Preferred combinations of light now typically include red, far-red, blue and white light. It should also be noted that incorporating other light, including green, may help produce other characteristics, including terpene development. In another example, some lettuce producers have noticed that green light stimulates a deeper green in their leafy heads of lettuce. It is thought that different light, presented to the plants at different times, may favor different hue development in cannabis.
The old red, blue and purple focused lighting strategies, while partially beneficial to biomass development, are detrimental to human activity. Many growers and greenhouse workers complain of headaches and eyestrain when working under this restricted spectrum. Instead, companies are encouraged to use lighting systems such as Illumitex LEDs, which have pre-set light recipes perfectly suited to safe human activity.

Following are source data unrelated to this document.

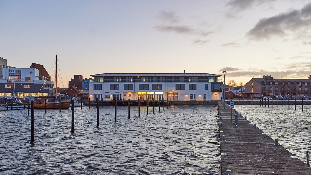 Getreu der ehemaligen Nutzung des Bestandsgebäudes für Charterfahrten,
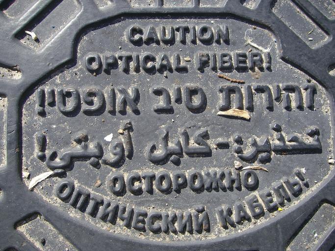 | Keywords: Optical cable manhole cover in English, Hebrew, Arabic and Russian in Tel Aviv, Israel.jpg en The manhole cover in Tel Aviv Israel with the warning 'Caution optical fiber cable' given in four languages anmely English Hebrew Arabic and Russian own Hyrdlak 2013-01-17 Cc-zero Manhole covers in Israel |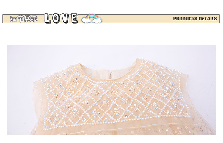 여름 소녀의 대형 스윙 중공업 진주 스팽글 거즈 원피스 공주 원피스 원피스 소녀의 원피스 투투 원피스 공연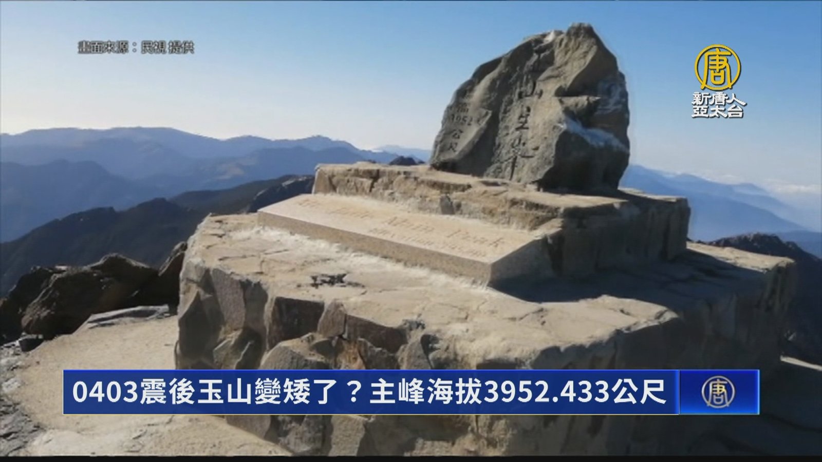 0403花蓮大地震後,台灣第一高峰變矮了嗎?最新測量結果發現,玉山主峰,海拔高度3952.433公尺,比去年11月矮了5.2公分,大約0.052公尺,玉山管理處表示,在誤差範圍內,大家不用擔心;但連日雨勢,玉山主峰路線,離登山口4.9公里處,發生坍方,暫時關閉。 //asset1.ntdtv.com.tw/public/uploads/assets/2024/06/05/2024-06-05-66604bc0f1802.mp4 玉山主峰|玉山|玉管處|地震|花蓮強震|403大地震2024-06-05 19:24:36

The new trend is towards LED lighting systems which are controlled easily and remotely. The market is becoming extremely competitive, with each company striving to gain even minuscule improvements over the competition. This push has lead to creative experimentation with light technology. The software to program specific light recipes is now easy enough for even non-techie growers to play around with and most importantly to learn from.
The efficiency and cool temperatures afforded through improved LED fixtures, allows growers to focus more on adjustments to the recipe instead of the bottom line. Tweaks to complex LED light recipes has allowed for the development of lush, dense biomass even when all other factors remain the same. Every strain has the potential to become something great when given the correct dose at the right time during their growth cycle. The future of light science for cannabis growers is bright.